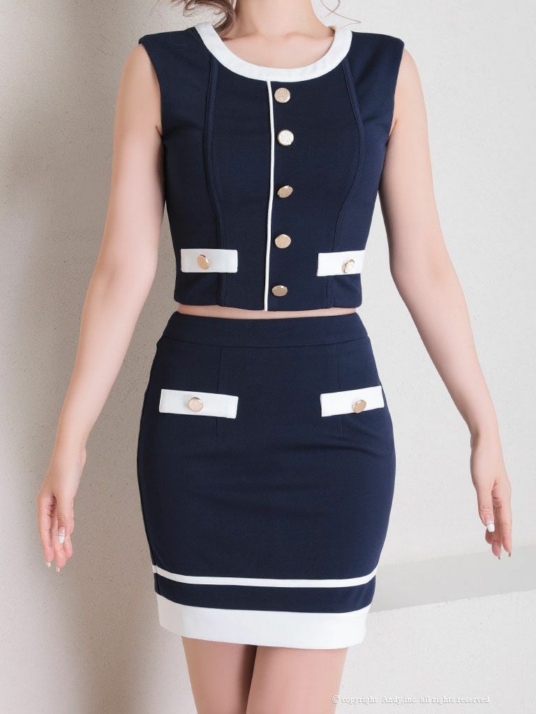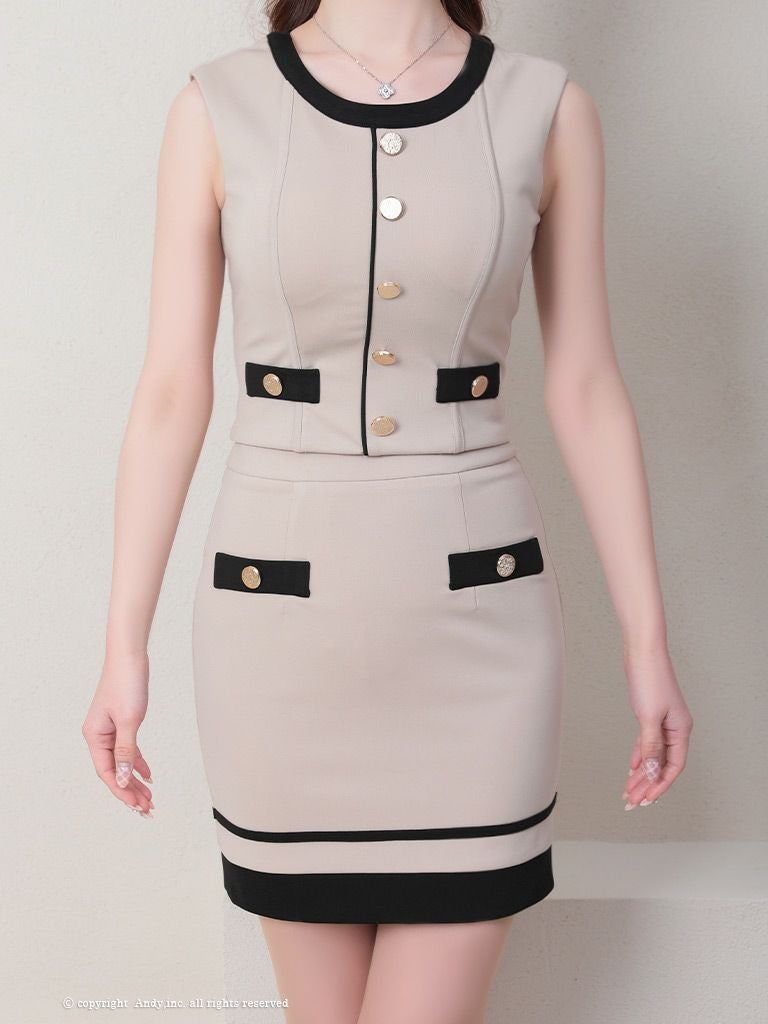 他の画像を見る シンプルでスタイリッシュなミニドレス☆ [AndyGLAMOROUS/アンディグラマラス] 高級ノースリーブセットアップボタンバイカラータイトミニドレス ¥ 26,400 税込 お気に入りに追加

• • •

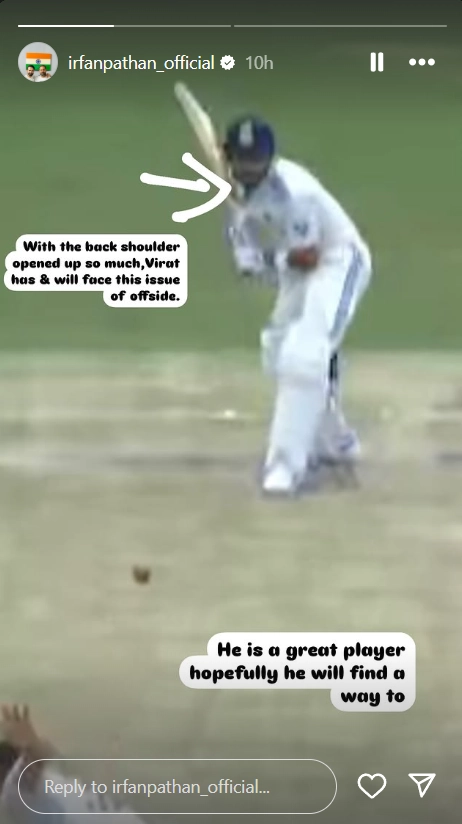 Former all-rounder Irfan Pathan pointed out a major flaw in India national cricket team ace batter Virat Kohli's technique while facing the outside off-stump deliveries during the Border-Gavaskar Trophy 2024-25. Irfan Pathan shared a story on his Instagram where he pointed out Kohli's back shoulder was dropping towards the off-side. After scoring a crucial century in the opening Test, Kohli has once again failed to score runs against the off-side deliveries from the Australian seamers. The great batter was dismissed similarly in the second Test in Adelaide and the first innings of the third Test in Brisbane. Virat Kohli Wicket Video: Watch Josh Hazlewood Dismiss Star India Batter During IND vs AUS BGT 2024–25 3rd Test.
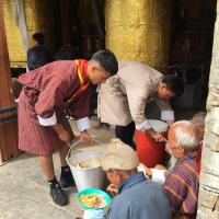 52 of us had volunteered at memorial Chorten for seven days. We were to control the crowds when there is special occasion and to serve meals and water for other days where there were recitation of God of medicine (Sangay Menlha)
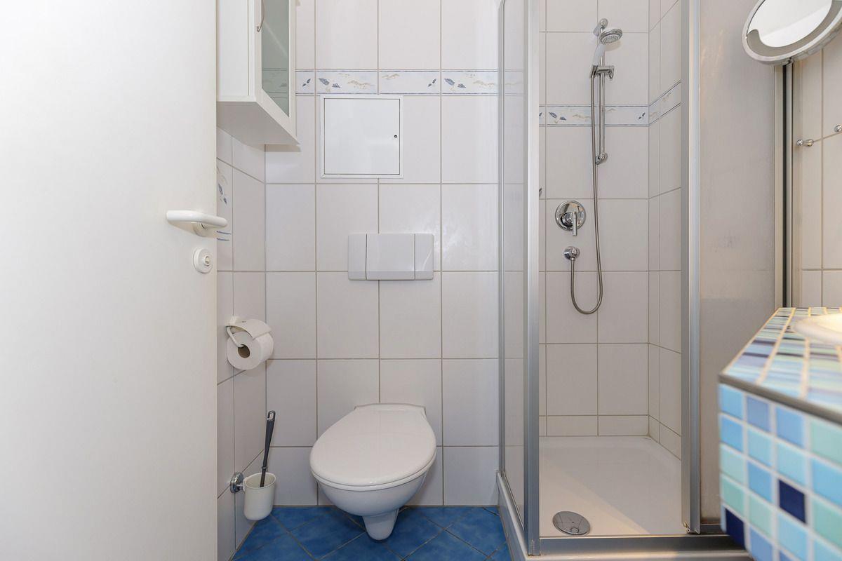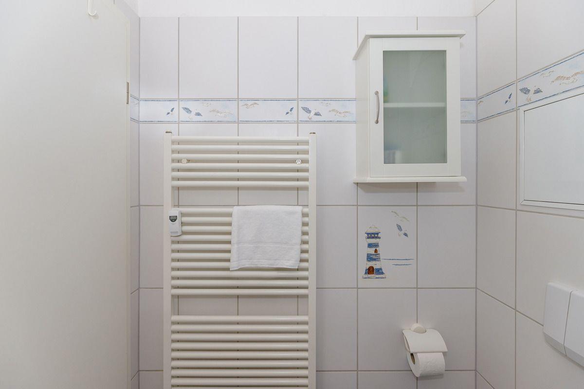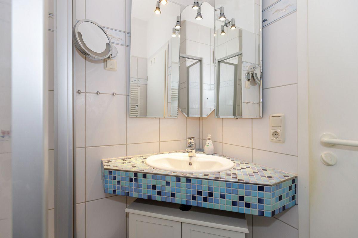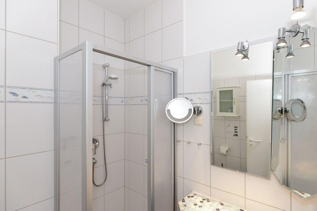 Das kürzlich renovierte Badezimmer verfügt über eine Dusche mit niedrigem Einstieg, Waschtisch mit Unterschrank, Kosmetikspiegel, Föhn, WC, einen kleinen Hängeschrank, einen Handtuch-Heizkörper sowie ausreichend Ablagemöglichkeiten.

• • •

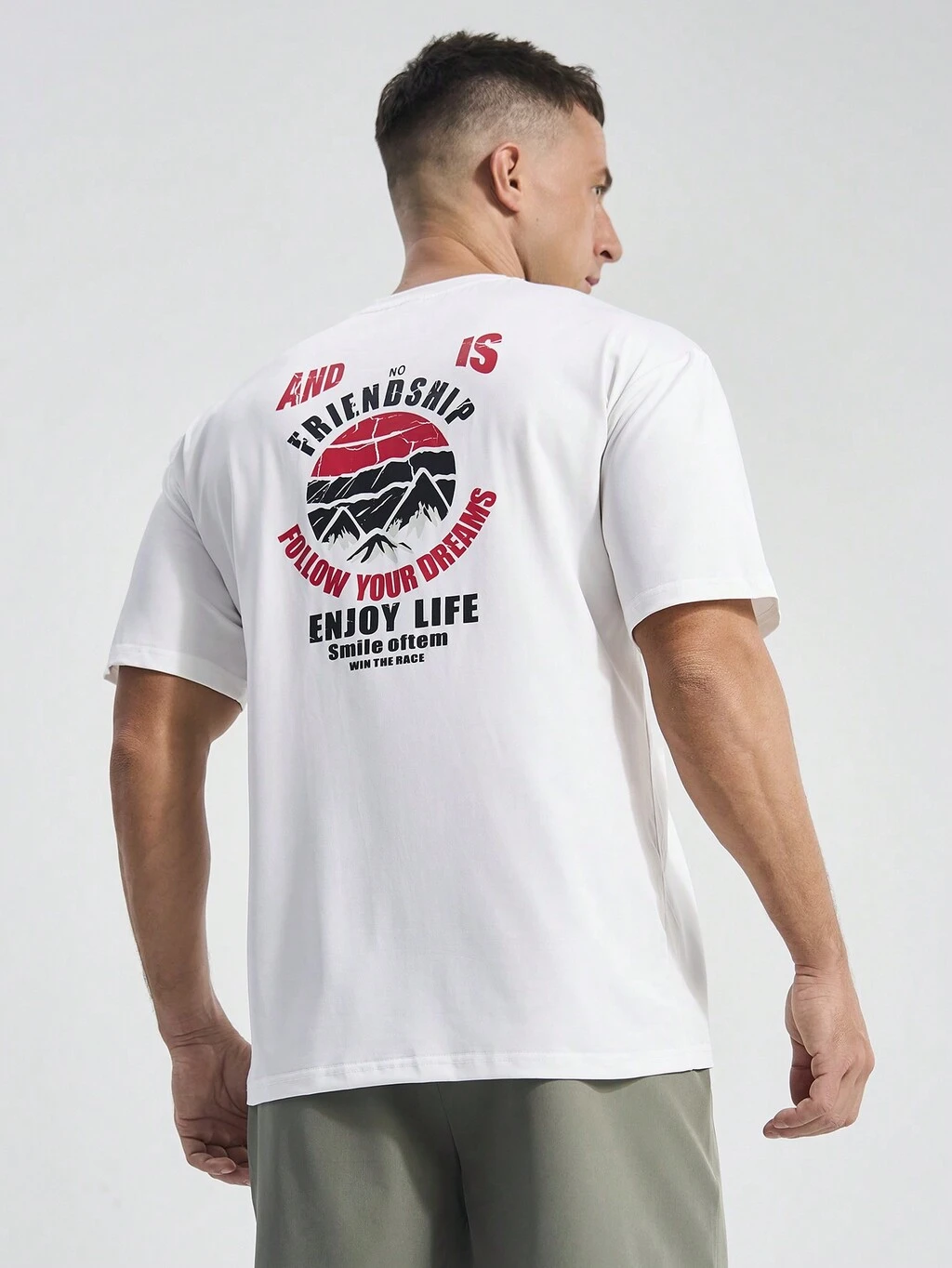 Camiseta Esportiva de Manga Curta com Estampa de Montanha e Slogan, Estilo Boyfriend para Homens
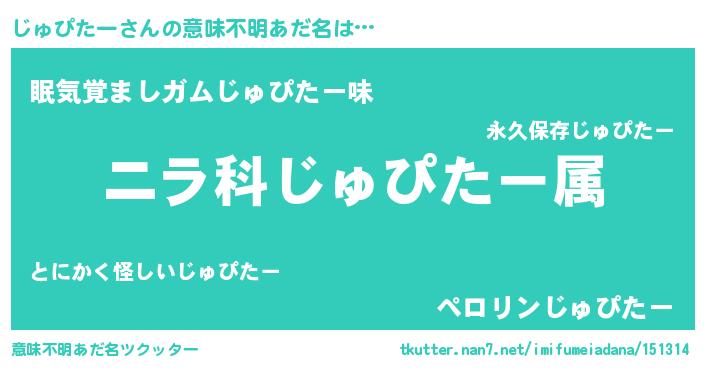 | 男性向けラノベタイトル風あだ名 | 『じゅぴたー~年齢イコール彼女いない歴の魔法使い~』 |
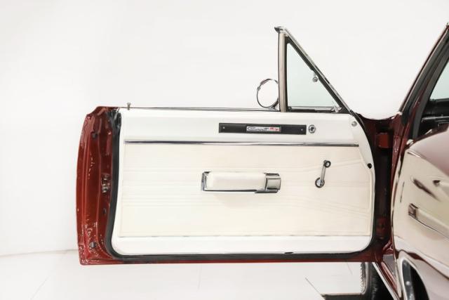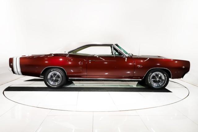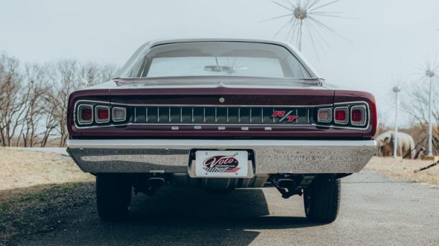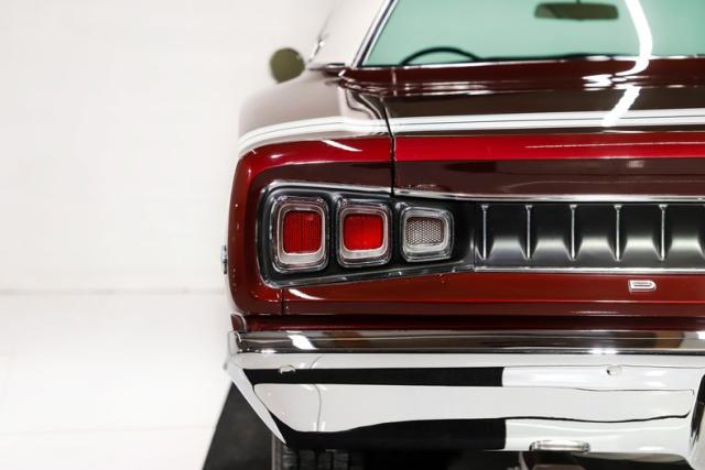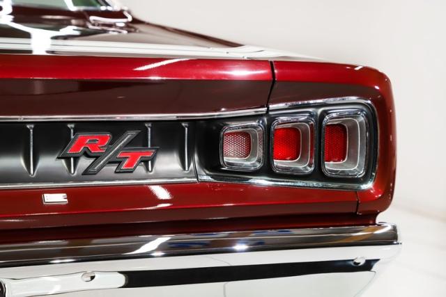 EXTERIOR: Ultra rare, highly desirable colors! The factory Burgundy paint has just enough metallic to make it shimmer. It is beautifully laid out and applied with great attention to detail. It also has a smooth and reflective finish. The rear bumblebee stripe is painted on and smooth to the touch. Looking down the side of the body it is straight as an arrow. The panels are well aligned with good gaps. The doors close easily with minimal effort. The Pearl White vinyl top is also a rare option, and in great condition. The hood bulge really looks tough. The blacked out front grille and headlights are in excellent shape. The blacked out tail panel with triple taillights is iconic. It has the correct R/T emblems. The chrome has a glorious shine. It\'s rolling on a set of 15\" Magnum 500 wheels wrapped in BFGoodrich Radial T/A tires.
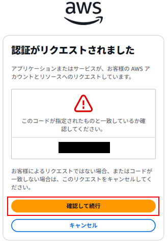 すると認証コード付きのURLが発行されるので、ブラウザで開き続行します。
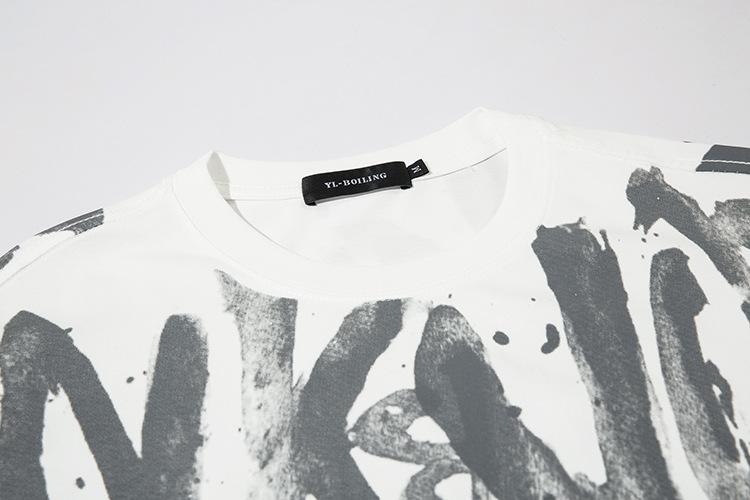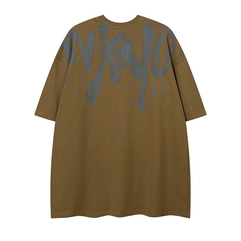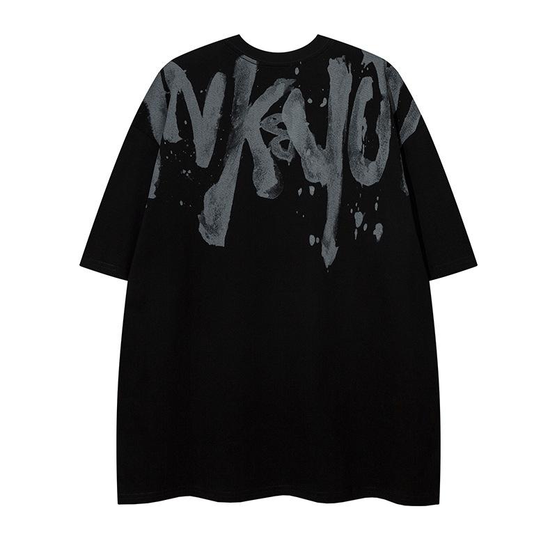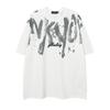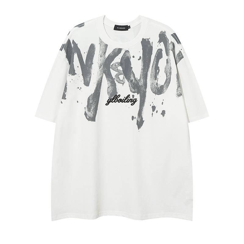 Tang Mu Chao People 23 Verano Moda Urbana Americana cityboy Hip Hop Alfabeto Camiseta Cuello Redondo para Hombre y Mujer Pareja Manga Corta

• • •

Lines from the one above containing "男性向けラノベタイトル風あだ名 | 『じゅぴたー~年齢イコール彼女いない歴の魔法使い~』 |" down to the one containing "Tang Mu Chao" should be transcribed exactly, with both ends kept and no pictures.

§ Result below
 | 男性向けラノベタイトル風あだ名 | 『じゅぴたー~年齢イコール彼女いない歴の魔法使い~』 |
 EXTERIOR: Ultra rare, highly desirable colors! The factory Burgundy paint has just enough metallic to make it shimmer. It is beautifully laid out and applied with great attention to detail. It also has a smooth and reflective finish. The rear bumblebee stripe is painted on and smooth to the touch. Looking down the side of the body it is straight as an arrow. The panels are well aligned with good gaps. The doors close easily with minimal effort. The Pearl White vinyl top is also a rare option, and in great condition. The hood bulge really looks tough. The blacked out front grille and headlights are in excellent shape. The blacked out tail panel with triple taillights is iconic. It has the correct R/T emblems. The chrome has a glorious shine. It\'s rolling on a set of 15\" Magnum 500 wheels wrapped in BFGoodrich Radial T/A tires.
 すると認証コード付きのURLが発行されるので、ブラウザで開き続行します。
 Tang Mu Chao People 23 Verano Moda Urbana Americana cityboy Hip Hop Alfabeto Camiseta Cuello Redondo para Hombre y Mujer Pareja Manga Corta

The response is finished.